TRIBUNAL DE JUSTIÇA DO ESTADO DO PIAUÍ
ÓRGÃO JULGADOR : 3ª Câmara Especializada Cível
APELAÇÃO CÍVEL (198) No 0015916-11.2016.8.18.0140
Apelante: TIAGO SILVA DA ROCHA
Advogado: Arnaldo Alves Ferreira Silva Júnior (OAB/PI nº 14.171) e Outro
Apelado: DISAL ADMINISTRADORA DE CONSÓRCIOS LTDA
Advogado: Edemilson Koji Motoda (OAB/SP nº 23.1747)
RELATOR(A): Desembargador AGRIMAR RODRIGUES DE ARAÚJO
EMENTA
APELAÇÃO CÍVEL. PROCESSO CIVIL. CONTRATO DE CONSÓRCIO COM GARANTIA DE ALIENAÇÃO FIDUCIÁRIA. AÇÃO DE BUSCA E APREENSÃO. INTELIGÊNCIA DOS ARTS. 2º, §2º E 3° DO DEC-LEI 911/69. CONCESSÃO DE LIMINAR COM APREENSÃO DO VEÍCULO E ENTREGA A DEPOSITÁRIO. ALEGAÇÃO DE ABUSIVIDADE CONTRATUAL. CONTRATO DE CONSÓRCIO. VALOR DAS PARCELAS VINCULADOS À VARIAÇÃO DO PREÇO DO BEM. INEXISTÊNCIA DE ABUSIVIDADE. NÃO INCIDÊNCIA DE JUROS REMUNERATÓRIOS, CAPITALIZAÇÃO DE JUROS OU CORREÇÃO MONETÁRIA. JUROS MORATÓRIOS DE 1% (UM POR CENTO AO MÊS. MULTA MORATÓRIA DE 2% (DOIS POR CENTO). REGULARIDADE. SENTENÇA DE 1° GRAU QUE JULGA PROCEDENTE A AÇÃO CONSOLIDANDO A POSSE E PROPRIEDADE PLENA DO VEÍCULO À APELADA. RECURSO CONHECIDO E IMPROVIDO.

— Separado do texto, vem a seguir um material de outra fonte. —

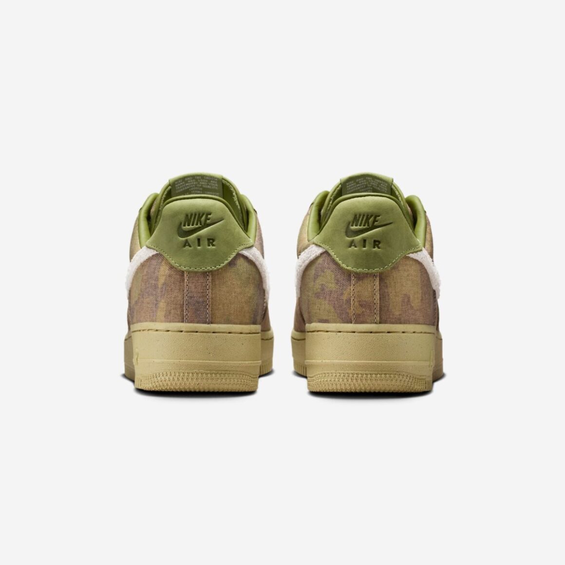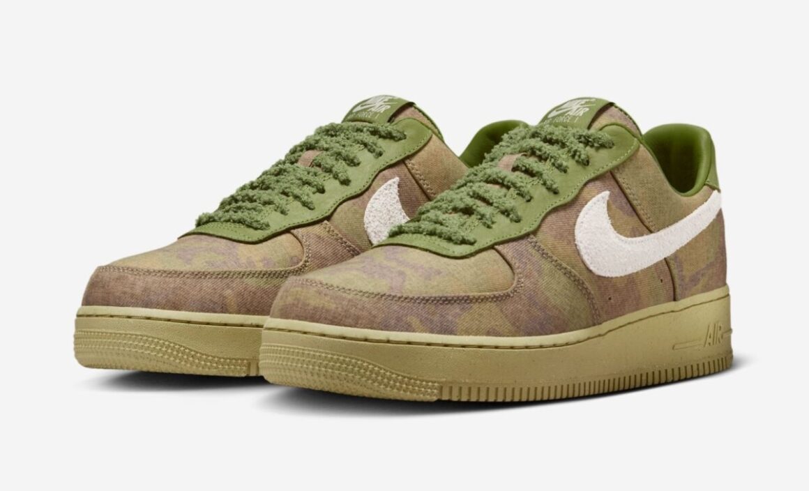 L’élément central du design de cette Nike Air Force 1 Wheatgrass Camo QS réside dans sa base en toile camouflage Wheatgrass, dont les motifs mêlent nuances de vert, de beige et de brun dans une composition inspirée des palettes naturelles. Ce choix visuel évoque autant les surplus militaires vintage que les codes streetwear du début des années 2000, tout en conservant une élégance contemporaine. Contrairement aux imprimés camo très contrastés, cette version privilégie une exécution plus douce et nuancée, donnant à la sneaker une présence visuelle équilibrée et sophistiquée. Pour structurer cette base graphique en canvas, Nike ajoute plusieurs superpositions soigneusement sélectionnées. Le Swoosh apparaît en cuir suédé clair, apportant un contraste subtil sans dominer le motif principal. Les lacets sont verts, épais et pelucheux, rappelant la mousse des arbres. Ils s’accordent en ton aux passages de lacets, au sockliner, ainsi qu’au heeltab, gaufré d’un logo Nike Air. La paire repose sur une semelle intermédiaire beige sable, ajoutant de la cohérence au thème choisi pour cette déclinaison.

1. Conforme o entendimento do Superior Tribunal de Justiça, “uma vez concedida a gratuidade da justiça, tal benesse conserva-se em todas as instâncias e para todos os atos do processo, salvo se expressamente revogada” (STJ, AgInt no AREsp 1137758/SP, Rel. Ministro MARCO AURÉLIO BELLIZZE, TERCEIRA TURMA, julgado em 04/05/2020, DJe 08/05/2020).
2. Inexiste violação do dever de informação se as cláusulas contratuais estão redigidas de forma clara e inteligível; ademais, a assinatura do Autor, constante no contrato, indica que o mesmo tinha conhecimento de suas cláusulas, nos termos do art. 408, caput, do CPC.
3. A Apelante firmou contrato de consórcio com garantia de alienação fiduciária com a Apelada.
In casu, a Apelada apresentou o referido contato e demonstrou a mora do Apelante a partir da parcela n. 34, ocorrendo o vencimento antecipado de toda a dívida contatual, conforme prevê o artigo 2º e § 2º e 3º, do Decreto-Lei 911/69, com as alterações da Lei 13.043/2014, possibilitando ser requerida contra o devedor a busca e apreensão do bem alienado fiduciariamente.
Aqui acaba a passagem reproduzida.